Büyük Risk | Fenerbahçe – Gaziantep FK
Emre Belözoğlu’nun başından geçen 2 maç Erol Bulut’un oyunundan çok uzak değildi. Yeni Malatya
deplasmanında farklı olarak görebileceğimiz oyun, kanatları Caner-Ozan-Valencia, Gökhan-İrfan-Osayi
üçgenleriyle atak organizasyonları üretmesiydi. Baktı ki kanat oyuncularıyla bu pas organizasyonunu
gerçekleştiremiyor radikal bir değişiklik yaparak Gaziantep maçına 5 merkez orta saha oyuncusuyla
çıktı. Ve nihayet enerjik, istekli, bol pozisyon bulan bir Fenerbahçe ile karşılaştık. Malatya maçındaki
üçgenleri daha kaliteli ayaklara bırakarak pas trafiğini gerçekleştirdi. Sosa, Mert Hakan ve Pelkas’ın
neden ilk 11’de olmasını gösteren bir oyundu bu.
Bu oyunun getirilerine bakarak diyebiliriz önceki maçlara oranla ki ceza sahasında daha fazla oyuncu
gördük. Böylelikle kenar ortaları daha tehlikeli bir hal aldı. İkinci gol de böyle geldi.
Anlamakta güçlük çektiğim birkaç Emre Hoca değişikliği vardı bu maçta. İkinci golü bulduktan hemen
sonra Cisse ve Sinan Gümüş’ü oyuna aldı. Eğer ki kontradan üçüncü golü bulmak istersen kesin
alınması gereken tek oyuncu var: Osayi-Samuel. Eyvallah, beni yanılttı ve Sinan kontradan golü buldu.
Skoru tutmak istiyorsan niye direkt Gustavo’yu almadın? Bunu sorgulamamız gerekiyor.

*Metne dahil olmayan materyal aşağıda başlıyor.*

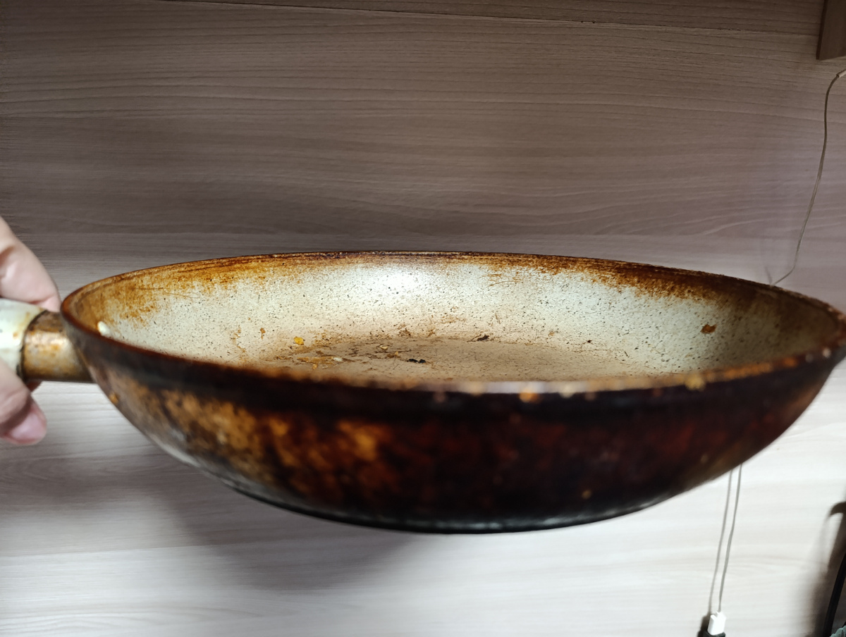 Кипячение с содой: Налейте литр воды в сковороду, добавьте 100 граммов соды и доведите до кипения. Этот метод не только очищает, но и дезинфицирует поверхность. Если нагар очень сильный, кипятите в течение 1-2 часов.

Peki Fenerbahçe neden 34. haftada kendini henüz buldu? Bunda 2 temel faktörün olduğunu
düşünüyorum. Birincisi, çok fazla kaliteli oyuncuya sahip olmasıydı. Ne saçma sebep değil mi? Ama
Fenerbahçe iseniz değil. Erol Hoca kesin bir ilk 11 ortaya koyamayarak hem oyununu iyileştiremedi
hem de sürekli oynayamayan oyuncularının performanslarını düşürdü. İkinci nedense, Gustavo’nun
fiziksel olarak oynayabileceği bütün maçlarda 11 çıkmasıydı. Evet, Gustavo Fenerbahçe’nin bu sezonki
en iyi 2-3 oyuncusundan biri. Asla inkar edemeyiz. Fakat takımın en büyük sıkıntısı gol yollarında
etkisiz olmakken takımın defansif orta saha oyuncusunu kesmek alınması gereken bir riskti. Emre
Belözoğlu’ndan alıntı yapmak gerekirsek “En büyük risk, risk almamaktır.”